C is for Citizen

I just had a chat with a composer colleague, someone who has sent in all his boxtops and made something of a career, with a teaching job, regular commissions and a good number of performances.  After making some snide remarks about sneaking out of concerts to avoid music from across some — to me obscure — new music-partisan divide, he went on with the ritual mantra complaint about lack of an audience for new music.   After calling the guy on his lack of consistency, I probed a bit deeper and was able to establish that although he was exclusively a composer of concert music, he didn't, actually, like concerts.   I stopped my questioning before I could figure out if he actually liked music, as that would have been too depressing even for a cynic like me, but I did suggest that concert music might not really be an optimal line of work for him.  

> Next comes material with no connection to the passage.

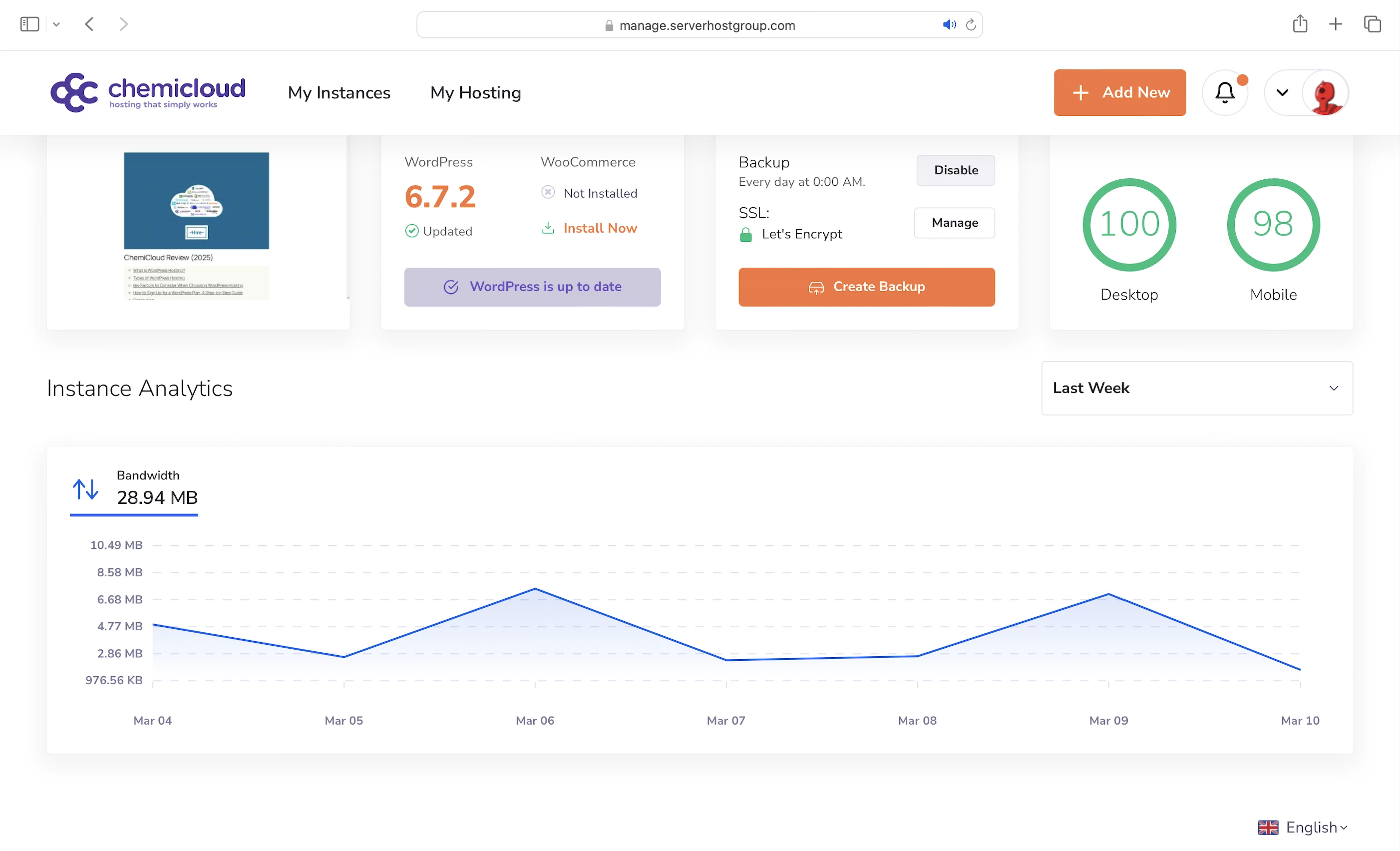 Let’s see how ChemiCloud did against my self-hosting:

This encounter immediately made me recall the counter-example John Cage, who, in later years with all the seniority, fame, notoriety and certainly a full desk of his own work at home, made a point of attending as many concerts as possible whenever he was at home in town and took pride, when attending festivals or conferences in skipping some discussions but attending every concert.  I remember him once saying during a festival that "I want to be one-hundred percent" and, I believe, unless he was physically unable due to illness, he usually succeeded, even in uncomfortable environments like Darmstadt.  Here was someone with well-known preferences and associations who had fought and suffered through some horrible — especially when petty — turf wars in Newmusicland, who nevertheless went out of his way to hear music that he had good reason to expect to be outside his own taste range, challenging his own habits and preferences, and he — the self-identified anarchist, thus with some honest skepticism about communities and a disdain for most institutions — managed to provide a model for participating and contributing to the community.